Depending on availability of space and garden, decide on the location of your herb garden: it can be outdoors, your kitchen window sill, or any other protected area, like a patio. However, for the sake of convenience, make sure that it is easy to reach and close to your kitchen.
Also bear in mind that herb plants have to be exposed to quite a number of hours of bright daylight or sun for them to sprout plentiful leaves and flowers. Furthermore, be aware of the watering and temperature requirements for herb growing. Herb plants need enough water, without keeping them soaked as they may succumb to root rot and powdery mildew diseases. They do not like severe heat or cold and therefore have to be protected in those cases.
A kitchen herb garden can be grown for many reasons: culinary, medicinal, aromatic or just because you enjoy their unique qualities and beauty. We often use a herb in only one of these areas without considering their other properties, for example, herbs like rosemary, thyme, marjoram and bay leaf were used in the past to preserve food when refrigerators were not as common as today. The more you learn about these amazing plants, the more you want to know about their amazing benefits!
Now comes the good part: you choose the herbs you want to grow. For a kitchen herb garden, you ideally want the herbs you love to use in your cooking for the superb, full flavor they add to your dishes. As we probably favor different herbs, I am providing some details on a number of popular, all-round herbs to grow for your kitchen herb garden.
Basil is one that many people know for its lush green leaves and warm and spicy flavor it adds to sauces, pasta and omelet dishes. The famous Italian pesto sauce, which cannot be made without basil, is one of the most famous sauces in the world. Basil tastes delicious served with any tomato dish and adds flavor to all kinds of meat dishes.

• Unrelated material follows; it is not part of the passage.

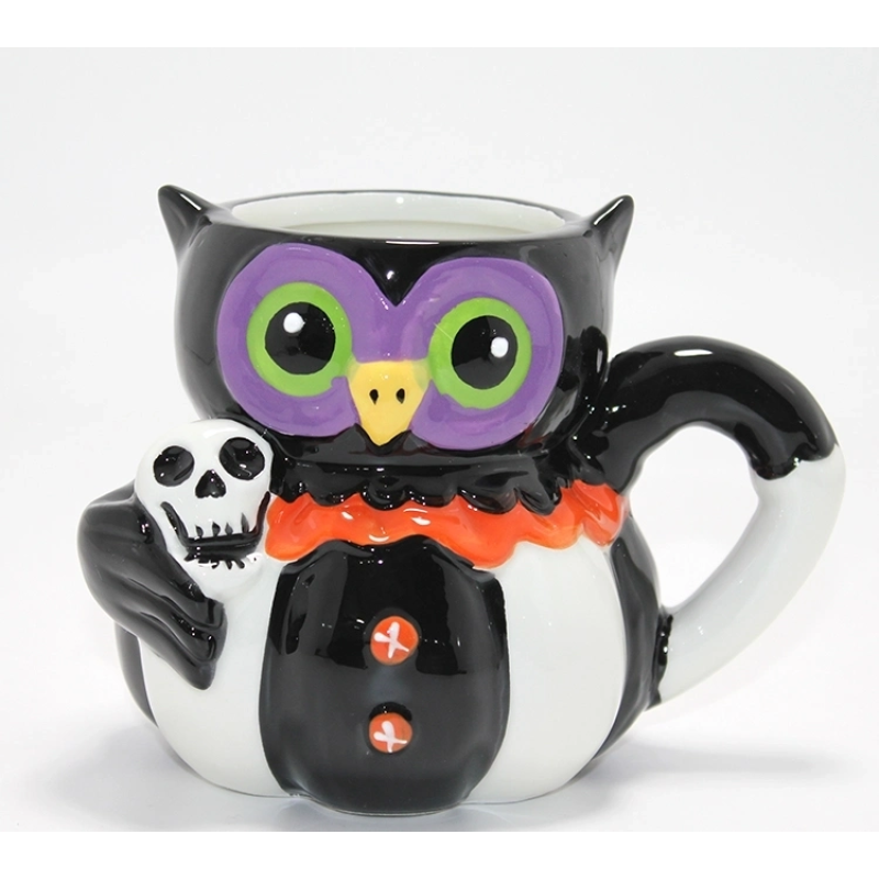 3d Kurukafa Tutan Baykuş Figürlü Seramik Kupa Bardak Alk4895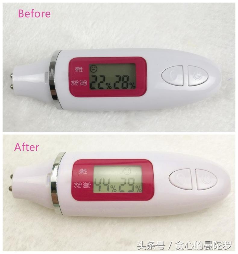 由于防曬霜中還添加了玻尿酸保濕成分與柑橘萃取精華,因此加強了保濕果,涂抹時可釋放大量水分子。具體如何還是拿水分測試儀來測試一下更直觀。

You may not be aware of it but this herb supports the heart and digestive system.
Basil can be grown from seeds or seedlings from springtime onwards, and if you want to start earlier, preferably in a green house or protected, warm spot.
Mint is traditionally added when making a special, fragrant mint sauce to accompany lamb dishes. It is equally good in a relaxing hot tea or in a long, cool drink at the poolside during summertime.
The mint herb can be grown from a couple of inches of the root of the plant. They need to be watered regularly, and importantly, the mint plant needs to be restricted to one area by way of its own pot, or similar, as the roots can spread aggressively.
Parsley is actually not only an appealing and refreshing decorative plant on appetizing food platters. It is even more valuable when added to soups, omelets, stews and salads.
It is advised to soak parsley seeds overnight before sowing them in the spring, and to thin out the seedlings with about a foot of space in between them.
Traditionally the sage herb is one of the prime ingredients in the making of pork sausages and chicken and turkey stuffings. It is equally prized when added to cheese and omelet dishes.
Sage is also grown from seed or seedlings in the spring, with around one foot in between the plants.
This should get you start growing a basic kitchen herb garden. Other popular edible herbs include marjoram, origano, thyme, savory, chives and rosemary, but we will talk about them in another article. In the meantime, enjoy your cooking!